A report submitted to lawmakers by a global biotech trade body found that many U.S. pharmaceutical companies estimated it would take eight years to find alternative service providers to Chinese CXOs. The findings of the survey by the Biotechnology Industry Organization could explain why an exemption of equivalent length has been woven into the latest draft of the bill, to soften the blow on the U.S. pharma sector.

The hiatus would also buy time for Chinese companies to grow their business outside the United States and build data firewalls to address U.S. concerns over data security.

However, the revised bill also adds another WuXi company to the list of commercial targets, namely WuXi Biologics. And market watchers fear that a third group company providing biopharmaceutical services, WuXi XDC (2268.HK), might also be subject to sanctions down the road. WuXi AppTec supplies research, development, production and testing of chemical drugs. WuXi Biologics was hived off from WuXi AppTec in 2017 and then went public. The companies are separate entities but with the same shareholders behind them.

Pivot to Europe

The U.S. law would merely prohibit federally funded companies from working with WuXi companies, but multinational pharmaceutical businesses have also begun to review their reliance on Chinese suppliers. Once, as is likely, the proposals become government policy, the restrictions will influence the decisions of other pharmaceutical companies. Novartis CFO Harry Kirsch told reporters in April that the drugs giant would change its relationship with contract research institutions over time.

WuXi companies have been scaling up production in the last few years to serve an expanding clientele.
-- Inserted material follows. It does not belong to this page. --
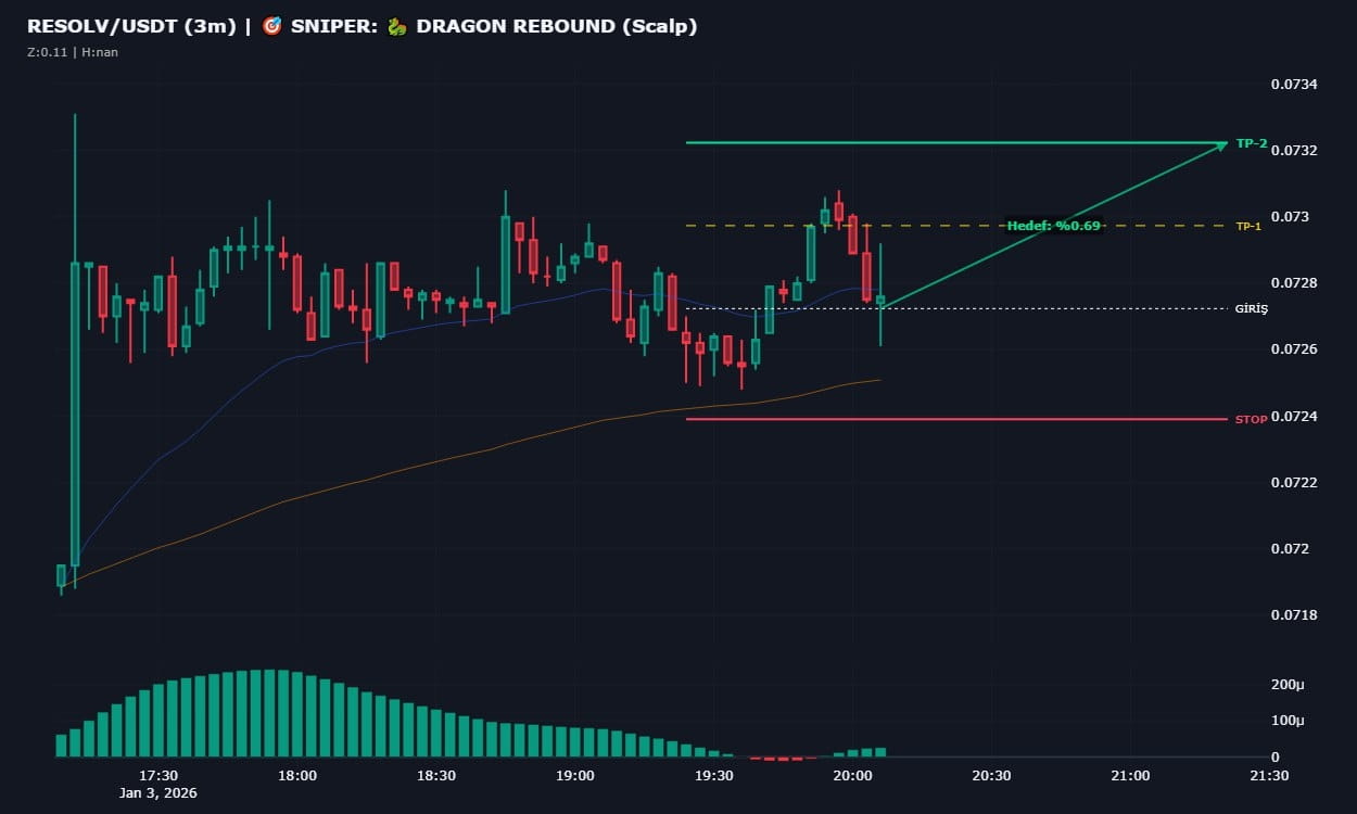 Witajcie wszyscy! Jestem Analitykiem, do waszej dyspozycji! Przygotowaliśmy się do długiej pozycji na wykresie 3-minutowym dla RESOLV/USDT. Cena wynosi 0.07272362, jest w trendzie wzrostowym, a RSI krąży w neutralnym obszarze na poziomie 49.49, co nie jest jeszcze bardzo silnym sygnałem, ale wskazuje na potencjał ruchu w górę. Dane takie jak Z-Score 0.11 i RSI-Vel -11.8 również wspierają lekkie oczekiwania na odbicie. Jesteśmy gotowi do scalpowania z naszą strategią Dragon Rebound; zobaczymy, dokąd nas przeniesie ten skok smoka!

Expulsion from the United States, the world’s biggest market for pharmaceutical research and development, would leave the group heavily reliant on Chinese demand that might not be able to soak up the excess capacity.

The repercussions are already being felt in China.  Companies have found it harder to raise financing for innovative drug research, and the rapid sectoral expansion has morphed into a fierce price war.  Profits at many Chinese CXOs are being squeezed.

Faced with such challenges, WuXi Biologics has been shifting its global focus. Europe has become its fastest-growing market, as revenue from the region doubled in 2023 from a year earlier, rising to just over 30% of the total, according to the company’s annual report.  North American revenue fell 5%, accounting for around 47% of total income. Taking geopolitical factors into account, WuXi companies are also investing in overseas bases including facilities under construction in Europe and Singapore. WuXi AppTec is building a research, development and production base in Singapore.

WuXi AppTec’s price-to-earnings (P/E) ratio has fallen to 10 times, below the 16 times for clinical research provider Hangzhou Tigermed (3347.HK; 300347.SZ). The biosecurity bill still has a long way to go before passing onto the U.S. statute books. The bill must pass both the Senate and the House, with the texts harmonized into one piece of legislation that would need to be signed off by the president. There are many variables for investors to consider. How well WuXi companies can navigate all the uncertainties will merit close market attention.